TASK DIRECTIONS |
Could you give back exactly the lines below from the one with "Today, the Iowa" through the one with "Harvested by hand", without a single picture?

RECORD EXTRACTS |
════════════════════
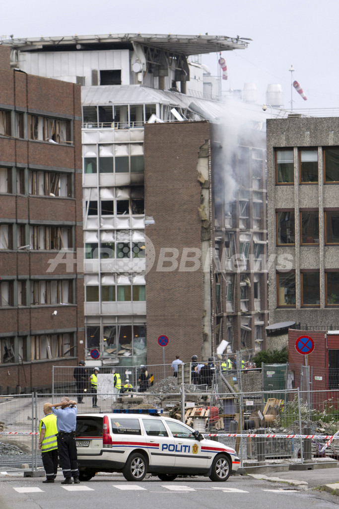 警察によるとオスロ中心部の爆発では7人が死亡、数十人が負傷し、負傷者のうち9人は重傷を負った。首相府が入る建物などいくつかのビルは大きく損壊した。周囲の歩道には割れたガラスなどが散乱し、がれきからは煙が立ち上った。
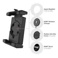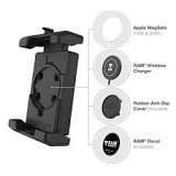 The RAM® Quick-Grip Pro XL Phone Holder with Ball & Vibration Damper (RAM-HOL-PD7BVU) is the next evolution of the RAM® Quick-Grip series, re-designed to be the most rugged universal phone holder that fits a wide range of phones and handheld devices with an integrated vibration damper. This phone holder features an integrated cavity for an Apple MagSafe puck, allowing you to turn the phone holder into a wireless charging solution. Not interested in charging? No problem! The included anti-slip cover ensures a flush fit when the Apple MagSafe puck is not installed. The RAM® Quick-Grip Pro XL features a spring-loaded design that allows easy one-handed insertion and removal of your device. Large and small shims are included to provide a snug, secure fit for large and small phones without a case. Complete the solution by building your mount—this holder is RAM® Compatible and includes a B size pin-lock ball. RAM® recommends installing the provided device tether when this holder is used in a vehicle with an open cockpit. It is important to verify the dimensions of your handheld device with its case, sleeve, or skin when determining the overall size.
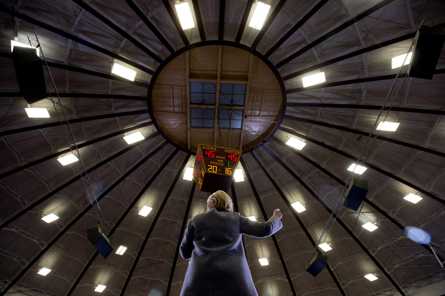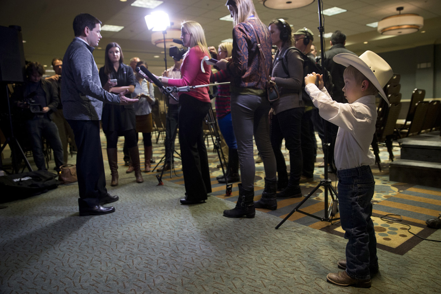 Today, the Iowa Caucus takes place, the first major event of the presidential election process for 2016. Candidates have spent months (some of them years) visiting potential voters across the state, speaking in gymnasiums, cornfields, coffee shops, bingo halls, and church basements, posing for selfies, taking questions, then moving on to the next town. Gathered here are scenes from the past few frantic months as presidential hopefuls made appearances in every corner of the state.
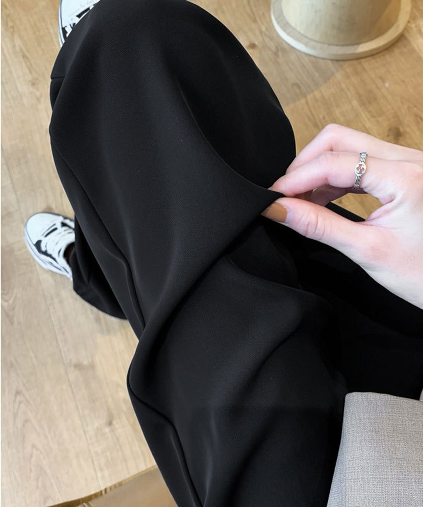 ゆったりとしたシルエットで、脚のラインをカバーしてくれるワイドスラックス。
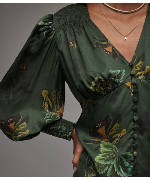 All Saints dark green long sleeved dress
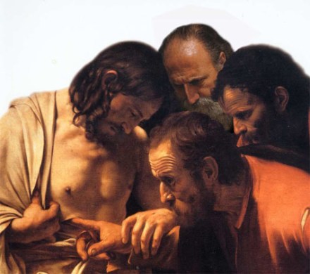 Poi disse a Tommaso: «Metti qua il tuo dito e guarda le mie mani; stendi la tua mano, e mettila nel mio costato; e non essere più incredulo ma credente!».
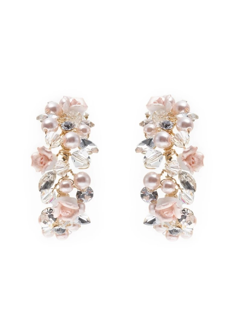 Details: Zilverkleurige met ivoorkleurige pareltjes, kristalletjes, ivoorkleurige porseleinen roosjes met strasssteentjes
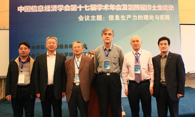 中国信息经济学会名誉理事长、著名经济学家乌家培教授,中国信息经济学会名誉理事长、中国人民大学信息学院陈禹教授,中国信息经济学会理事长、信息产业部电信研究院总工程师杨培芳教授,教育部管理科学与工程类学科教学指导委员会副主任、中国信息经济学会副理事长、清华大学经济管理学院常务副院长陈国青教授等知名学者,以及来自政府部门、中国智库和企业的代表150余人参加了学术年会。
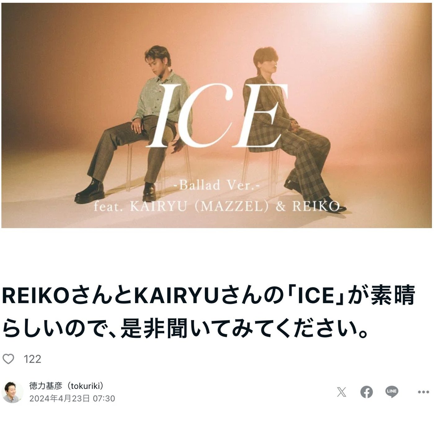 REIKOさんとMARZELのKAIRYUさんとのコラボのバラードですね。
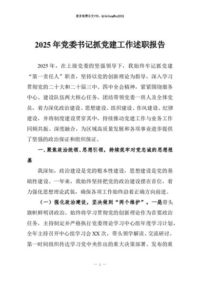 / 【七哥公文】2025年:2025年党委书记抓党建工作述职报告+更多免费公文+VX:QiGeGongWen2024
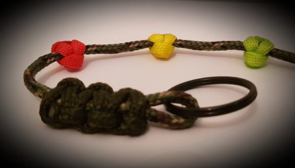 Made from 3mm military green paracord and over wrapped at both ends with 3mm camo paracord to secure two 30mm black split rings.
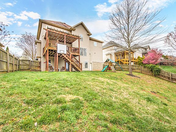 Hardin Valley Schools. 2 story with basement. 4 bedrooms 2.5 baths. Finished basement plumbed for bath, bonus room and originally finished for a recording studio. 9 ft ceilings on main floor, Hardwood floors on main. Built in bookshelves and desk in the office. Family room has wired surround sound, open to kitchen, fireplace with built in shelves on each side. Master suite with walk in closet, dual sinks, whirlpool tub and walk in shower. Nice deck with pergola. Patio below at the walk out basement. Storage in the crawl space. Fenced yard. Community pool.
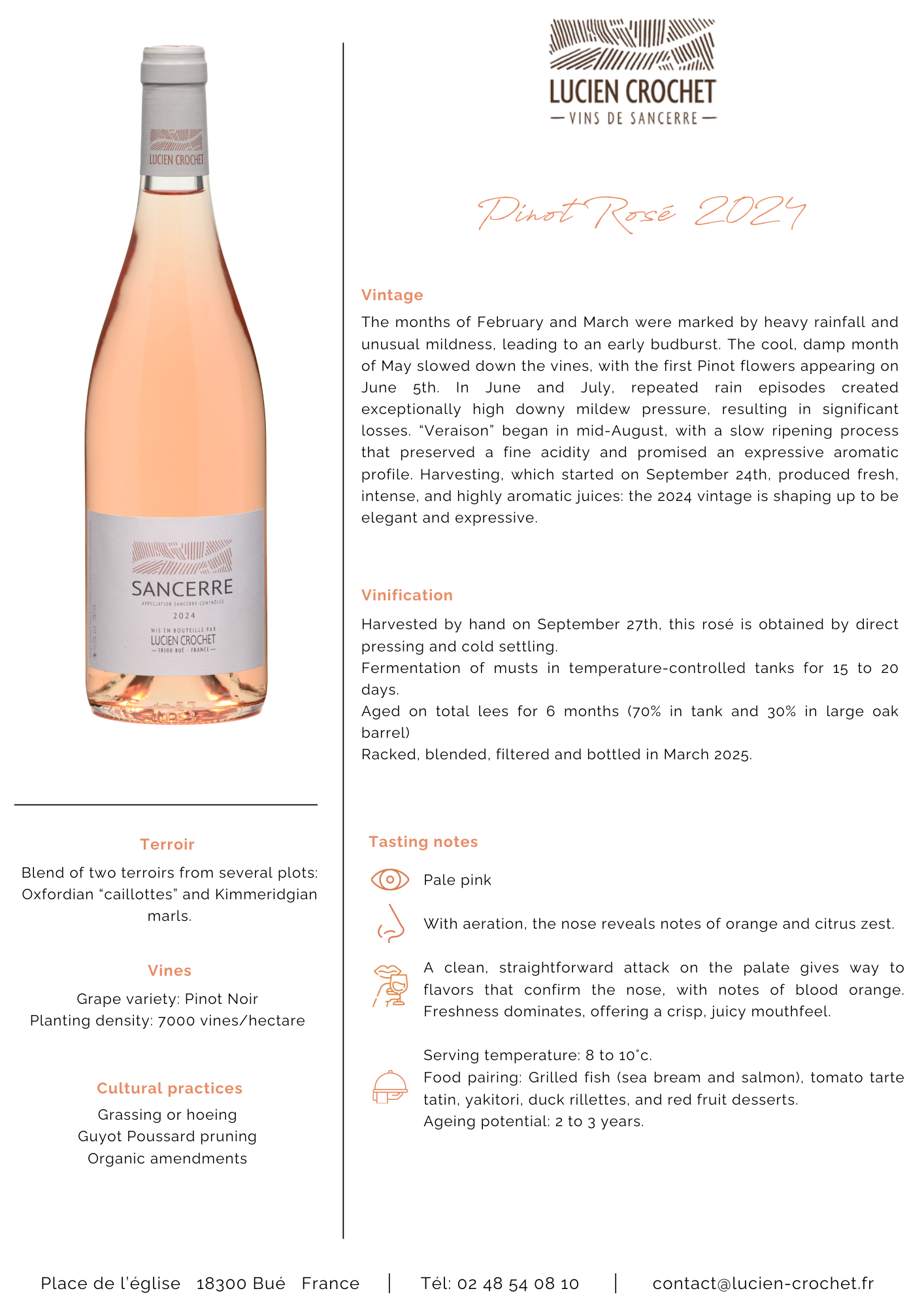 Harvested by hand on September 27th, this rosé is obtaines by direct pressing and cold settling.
════════════════════
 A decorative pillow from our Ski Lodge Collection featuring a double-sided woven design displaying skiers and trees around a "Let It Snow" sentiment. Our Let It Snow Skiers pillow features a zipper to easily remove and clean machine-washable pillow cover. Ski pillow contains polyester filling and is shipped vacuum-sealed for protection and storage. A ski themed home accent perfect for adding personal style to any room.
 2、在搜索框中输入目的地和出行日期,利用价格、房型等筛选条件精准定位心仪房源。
════════════════════
SOLUTION BELOW |
 Today, the Iowa Caucus takes place, the first major event of the presidential election process for 2016. Candidates have spent months (some of them years) visiting potential voters across the state, speaking in gymnasiums, cornfields, coffee shops, bingo halls, and church basements, posing for selfies, taking questions, then moving on to the next town. Gathered here are scenes from the past few frantic months as presidential hopefuls made appearances in every corner of the state.
 ゆったりとしたシルエットで、脚のラインをカバーしてくれるワイドスラックス。
 All Saints dark green long sleeved dress
 Poi disse a Tommaso: «Metti qua il tuo dito e guarda le mie mani; stendi la tua mano, e mettila nel mio costato; e non essere più incredulo ma credente!».
 Details: Zilverkleurige met ivoorkleurige pareltjes, kristalletjes, ivoorkleurige porseleinen roosjes met strasssteentjes
 中国信息经济学会名誉理事长、著名经济学家乌家培教授,中国信息经济学会名誉理事长、中国人民大学信息学院陈禹教授,中国信息经济学会理事长、信息产业部电信研究院总工程师杨培芳教授,教育部管理科学与工程类学科教学指导委员会副主任、中国信息经济学会副理事长、清华大学经济管理学院常务副院长陈国青教授等知名学者,以及来自政府部门、中国智库和企业的代表150余人参加了学术年会。
 REIKOさんとMARZELのKAIRYUさんとのコラボのバラードですね。
 / 【七哥公文】2025年:2025年党委书记抓党建工作述职报告+更多免费公文+VX:QiGeGongWen2024
 Made from 3mm military green paracord and over wrapped at both ends with 3mm camo paracord to secure two 30mm black split rings.
 Hardin Valley Schools. 2 story with basement. 4 bedrooms 2.5 baths. Finished basement plumbed for bath, bonus room and originally finished for a recording studio. 9 ft ceilings on main floor, Hardwood floors on main. Built in bookshelves and desk in the office. Family room has wired surround sound, open to kitchen, fireplace with built in shelves on each side. Master suite with walk in closet, dual sinks, whirlpool tub and walk in shower. Nice deck with pergola. Patio below at the walk out basement. Storage in the crawl space. Fenced yard. Community pool.
 Harvested by hand on September 27th, this rosé is obtaines by direct pressing and cold settling.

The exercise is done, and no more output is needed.